Stocks stable as dollar fluctuates ahead of US data

Stocks stable as dollar fluctuates ahead of US data

LONDON (Reuters) – Global stocks stabilized on Tuesday, supported by investors’ conviction that the Federal Reserve (US central bank) will not raise interest rates again, which kept the dollar at its lowest levels in three months and supported gold above $2,000 an ounce.

Traders will have to evaluate data this week on how the US economy performed in the third quarter, along with the headline reading on consumer inflation and spending – both of which could be instrumental in setting expectations for the timing of the first rate cut.

The MSCI World Index (.MIWD00000PUS) was last flat during the day, still on track for its best month in three years, up 8.5% in November. The dollar, which lost 3.2 percent of its value against a basket of currencies this month, rose 0.1 percent, near its lowest levels in three months.

European stocks fell 0.5 percent, driven by losses in pharmaceutical and consumer goods companies, while US stock futures saw little change.

This week, the spotlight will be on the US October Personal Consumption Expenditures (PCE) report due on Thursday, which includes core PCEs, said to be the Fed’s preferred measure of inflation, and Eurozone consumer inflation figures for greater clarity on… The direction in which prices and monetary policy are heading. .

Consumer inflation, as measured by the Consumer Price Index, is 3.2%, having fallen from 3.7% in September, and the core personal consumption expenditures index, which reached 3.7% in September, is unlikely to buck this trend. What may give traders more pause for thought is the spending component of the personal consumption expenditures report, according to Lombard economist Odier Sami Char.

“This is important because the market is, essentially, entirely based on a ‘soft landing’ scenario, where inflation continues to decline, with slow growth, allowing the Fed to cut rates four times next year starting in March. This is a very complacent scenario.” He said.

“Everything has to go right and in the Fed’s direction for this scenario to play out and actually come true. So the spending data is where we get some new information,” he said.

The resilience of the American consumer, thanks in part to a strong labor market, helped the United States outperform most other advanced economies last year.

Futures markets show that traders expect US interest rates to remain at 5.25-5.50%, with a slim chance of a first cut by March and at least three subsequent cuts that would bring interest rates closer to 4.25-4.5% by the end of 2024.

Gold traders will also be closely monitoring US inflation numbers. The price reached six-month highs above $2,000, driven by a weaker dollar and lower Treasury yields.

Policymakers at a number of central banks have reiterated their commitment to keeping interest rates high enough to bring inflation down towards their targets.

Eurozone inflation data this week should keep this debate alive in European markets.

Relentless in the fight against inflation

European Central Bank President Christine Lagarde said on Monday that the central bank’s battle to contain price growth is far from over, pointing to continued strong wage growth and an uncertain outlook even as inflation pressures ease in the euro zone.

Federal Reserve Chairman Jerome Powell is also speaking on Friday and traders will scrutinize his words to gauge which direction interest rates may be headed.

10-year Treasury yields, which fell by the most in a month since March, were unchanged in November, at 4.392%, holding on to price gains after data on Monday showed new home sales fell more than expected in October as high mortgage interest rates eased. . Affordability.

Short-term yields were slightly higher, following auctions on Monday of more than $100 billion of new supply of two- and five-year bonds. ,

In currencies, the Japanese yen, which often tracks US yields, strengthened, leaving the dollar down 0.1 percent to 148.58 and putting the Nikkei (.N225) index under modest pressure, although the index is approaching its highest levels since the 1990s, rising 8 percent since the beginning of the year. General. Month.

The euro settled at $1.09505.

As the dollar fell slightly during the day, oil prices rose, with Brent crude rising 0.7% to $80.57 per barrel, while US crude futures rose 0.9% to $75.49.

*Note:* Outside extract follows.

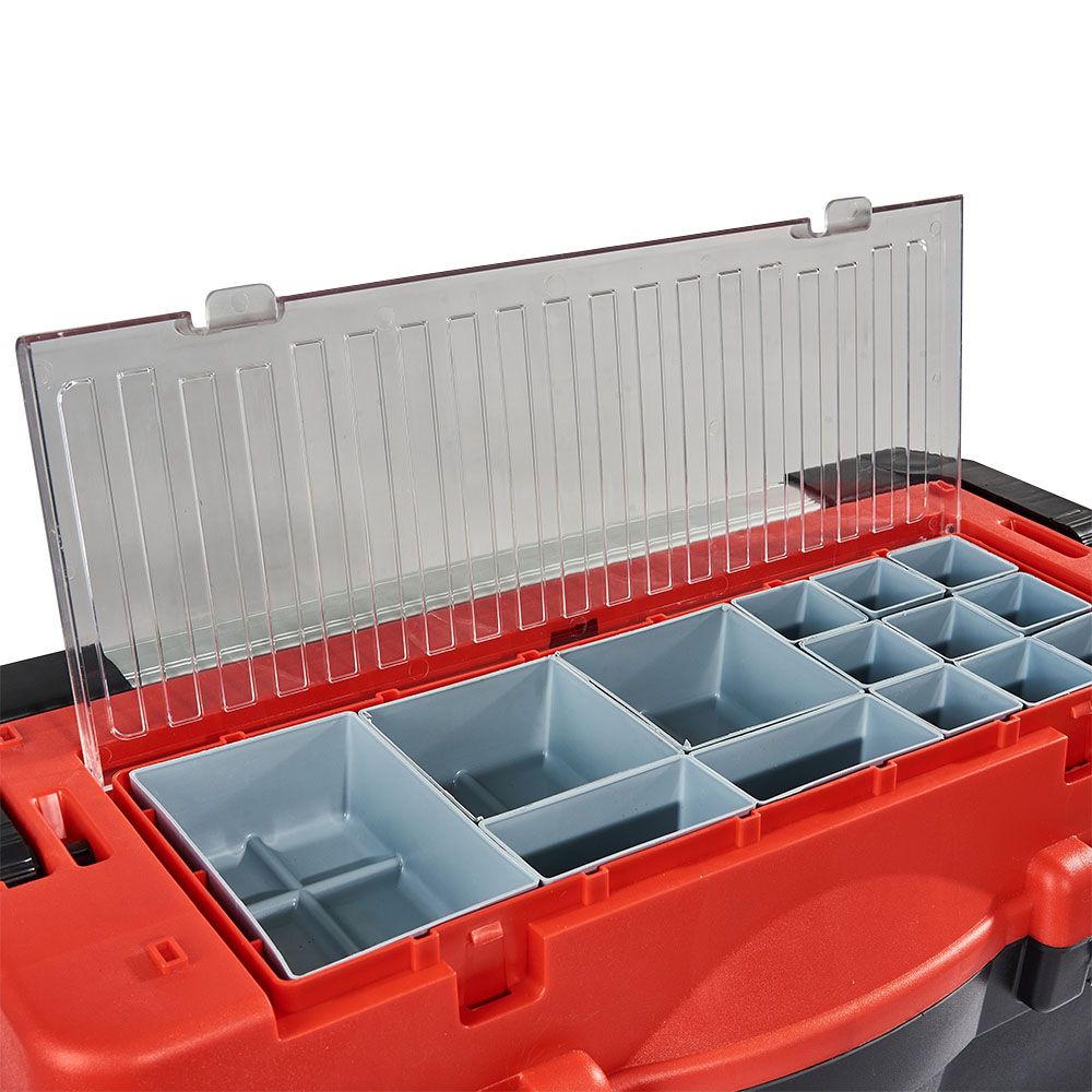 У верхній частині виробу знаходиться органайзер з переставними роздільниками та прозорою кришкою з полікарбонату, яку надійно утримують і не дають випадково розкритися металеві замки високої якості. Наявність органайзерів допомагає систематизувати зберігання дрібних деталей та витратних матеріалів: цвяхів, шайб, гайок, свердел та багато іншого. Є переносний знімний лоток для інструментів з гніздами для біт.
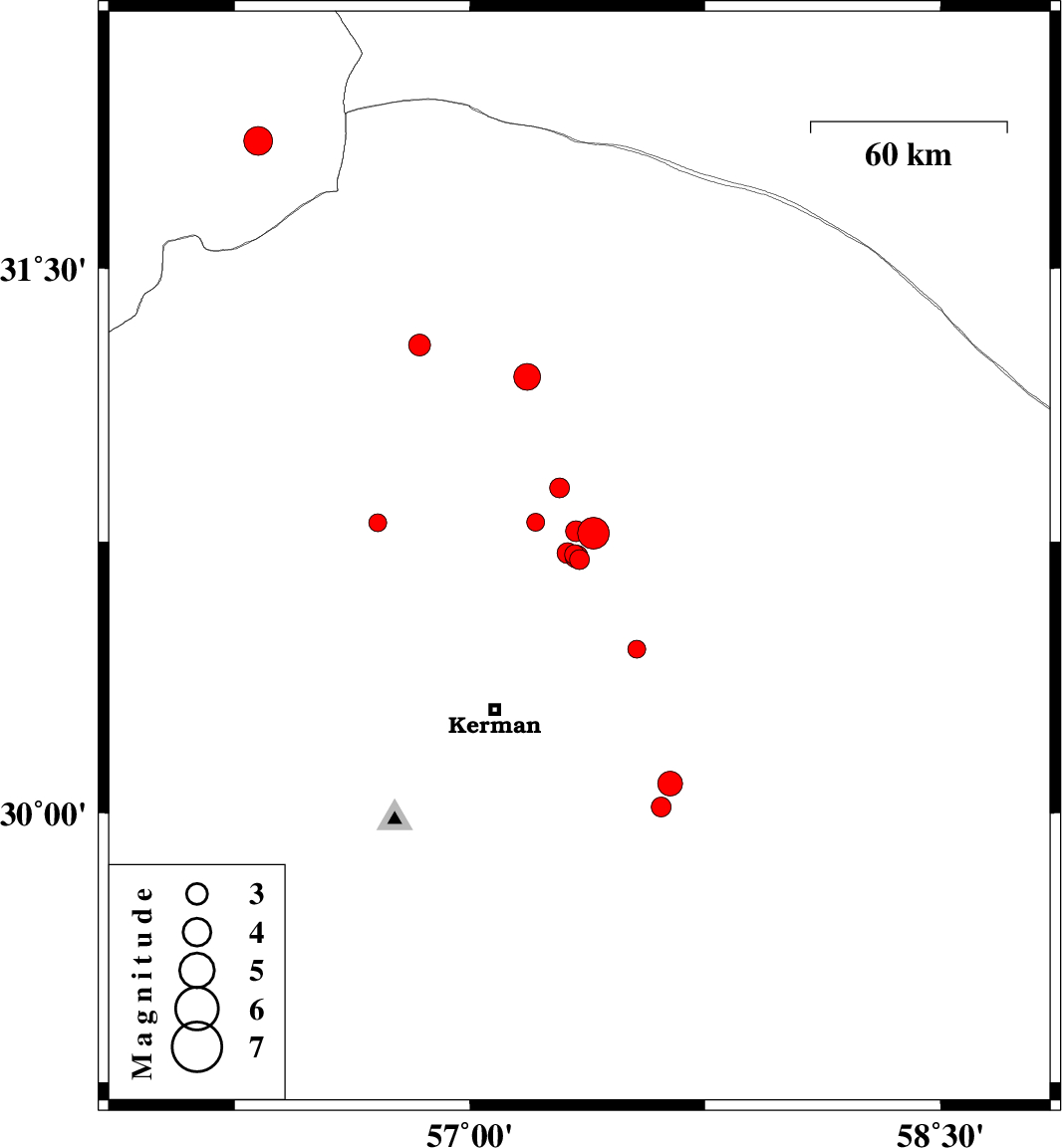 | 2019/02/22 | 15:18:50.4 | 18:48:50.4 | 30.779 | 57.338 | 14 | ML2.9 | Kerman Province, 60 km North-East of Kerman | ||

Volatility in the oil market increased this week due to the OPEC+ group of major exporters meeting this week to discuss production targets.

“The Saudis and OPEC+ have become accustomed to surprising the markets in recent years when it comes to their meetings. However, with aggressive cuts already in place, it leaves one wondering to what extent the group can surprise the market with deeper cuts than others,” said Warren Patterson, a strategist at ING: “Cutbacks are expected.”

Meanwhile, gold rose 0.1% to $2,015 per ounce.

Additional reporting by Ankur Banerjee; Editing by Sam Holmes, Kim Coghill and Ed Osmond

Our Standards: The Thomson Reuters Trust Principles.